3.Infiltration and metastasis.
(1) Intrahepatic metastasis: initially, most hepatocellular carcinomas are intrahepatic metastases, which easily invade the portal vein and its branches and form tumor embolus, and then cause multiple metastases in the liver. If the stem branch of portal vein is obstructed, it will often cause or aggravate the original portal hypertension.
(2) Extrahepatic metastasis.
(1) Hematogenous metastasis, lung metastasis is the most common, and it may also metastasize to the pleura, adrenal gland, kidney and bone.
(2) Lymphatic metastasis, with metastasis to the hilar lymph nodes being the most common.

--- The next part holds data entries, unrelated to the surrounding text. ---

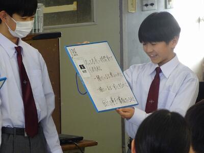 12月22日(月)、宇都宮市教育委員会から指導主事の先生をお招きして、授業研究会を実施しました。6時間目に1年4組の「学級活動」の授業を公開し、多くの先生方が参観、その後の研究会に参加しました。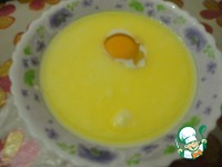 Сливочное масло растопить, добавить молоко, яйцо и несколько капель миндальной эссенции, хорошо взбить вилкой. |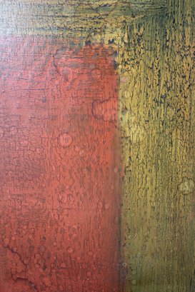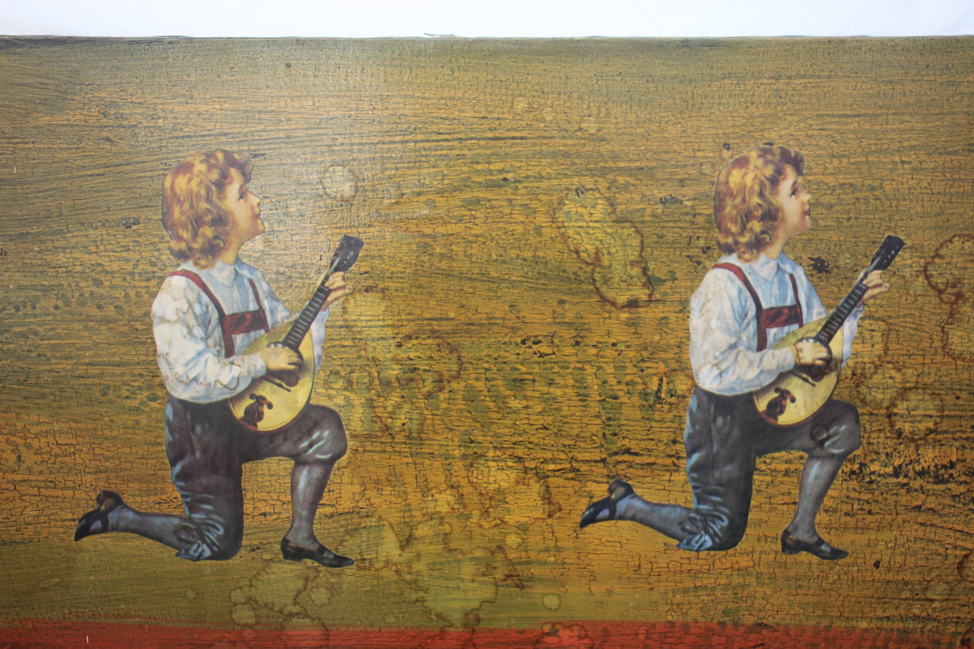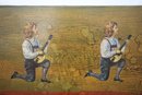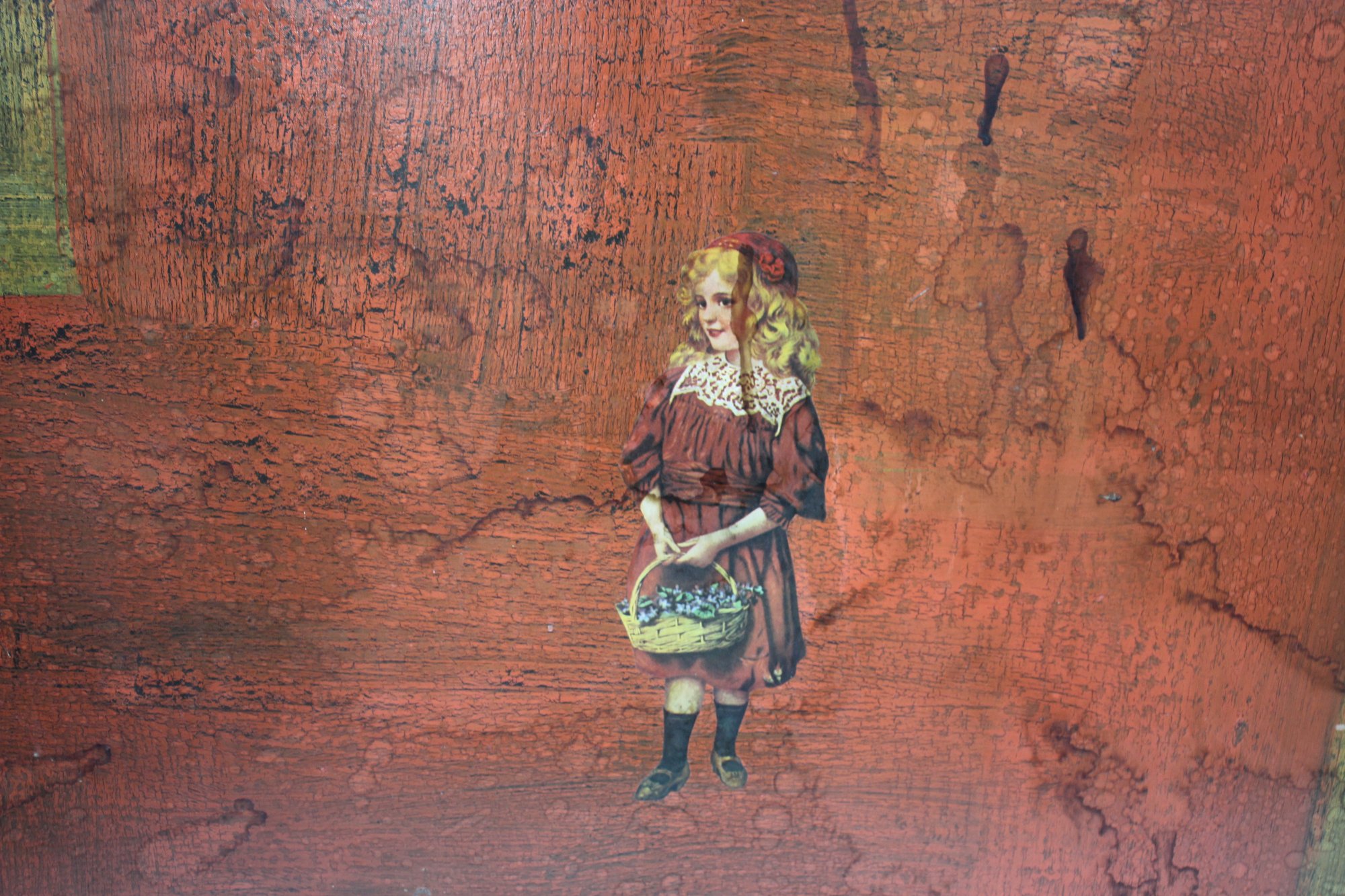 A striking and unique large-scale mixed media artwork featuring vintage cut-out figures collaged onto a heavily textured abstract background. This eye-catching piece presents a dreamlike composition with two kneeling musicians playing string instruments at the top, while a young girl in a red dress holding a basket stands below against a richly layered red and gold-toned background. The work blends elements of surrealism, nostalgia, and folk art.

(iii) Implantation metastasis, which is relatively rare, may occasionally be implanted in the peritoneum, diaphragm and chest cavity, causing bloody abdominal and pleural effusion; ovarian metastasis may occur in women, forming larger masses.
4.Common complications.
(1) Upper gastrointestinal bleeding: hepatocellular carcinoma often has hepatitis and cirrhosis background accompanied by portal hypertension, while portal vein and hepatic vein cancer thrombus can further aggravate portal hypertension, so it often causes bleeding from varices of middle and lower esophagus or fundus. If cancer cells invade the bile duct, it may cause biliary bleeding, vomiting blood and black stool. Some patients may bleed extensively due to gastrointestinal mucous membrane erosion, ulceration and coagulation dysfunction, which may lead to shock and hepatic coma.

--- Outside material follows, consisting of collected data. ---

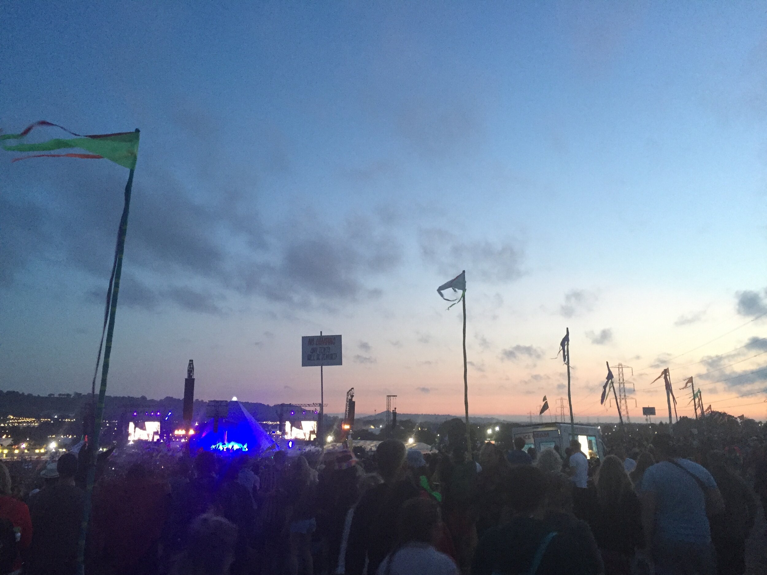The Killers were Saturday night’s headliner, and I managed to find a spot on the road above the Pyramid Stage where there were slightly fewer people. I haven’t listened to The Killers since middle school, so watching them live was a blast from the past. Those guys still got it! While I was enjoying the show in front of me I was also loving the show behind. A group of very drunk Killers fans who were dancing in a circle and singing at the top of their lungs.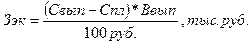 Снижение себестоимости единицы продукции (100 руб. доходов) рассчитывается по формуле: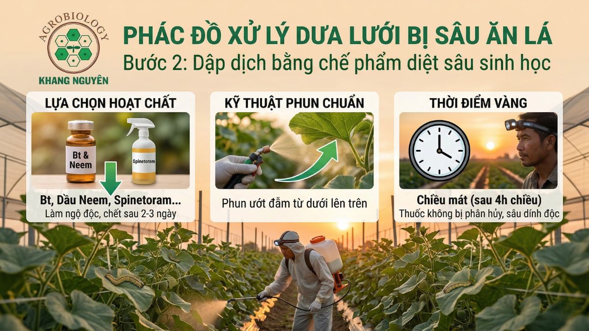 Khi dưa lưới đã đậu trái, tuyệt đối không lạm dụng các loại thuốc sâu hóa học độc tính cao vì sẽ để lại tồn dư, vi phạm tiêu chuẩn dư lượng xuất khẩu. Bà con hãy áp dụng phác đồ 3 bước chuẩn sinh học sau: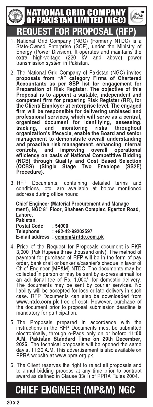 The National Grid Company of Pakistan (NGC) invites proposals from "A" category firms of Chartered Accountants as per SBP list for engagement to prepare a Risk Register. The appointed firm will provide independent and professional services to deliver an unbiased document for identifying, assessing, tracking, and monitoring risks throughout the organization's lifecycle.

(2) Hepatic nephropathy and hepatic encephalopathy (hepatic coma): In advanced stage of hepatocellular carcinoma, especially diffuse hepatocellular carcinoma, hepatic insufficiency or even failure can occur, causing hepatorenal syndrome, i.e. functional acute renal failure, which mainly manifests as significant oliguria, lower blood pressure, accompanied by hyponatremia, hypokalemia and azotemia, and often progresses. Hepatic encephalopathy, i.e. hepatic coma, is often a manifestation of end-stage hepatocellular carcinoma, often induced by gastrointestinal bleeding, massive diuretics, electrolyte disturbance and secondary infection.
(3) Rupture and bleeding of hepatocellular carcinoma nodes: It is the most urgent and serious complication of hepatocellular carcinoma. Therefore, gentle palpation is recommended during clinical examination and no forceful pressure should be applied. The rupture of cancer nodules can be confined to the subhepatic peritoneum, causing acute pain and rapid enlargement of the liver, and soft masses can be palpated locally. A small amount of bleeding can be manifested as bloody peritoneal fluid, while a large amount of bleeding can lead to shock or even rapid death.
(4) Secondary infection: Patients with hepatocellular carcinoma have weakened resistance due to long-term consumption and bed-rest, especially after chemotherapy or radiotherapy when their white blood cells are reduced, which can easily be complicated by various infections such as pneumonia, intestinal infection, fungal infection and sepsis.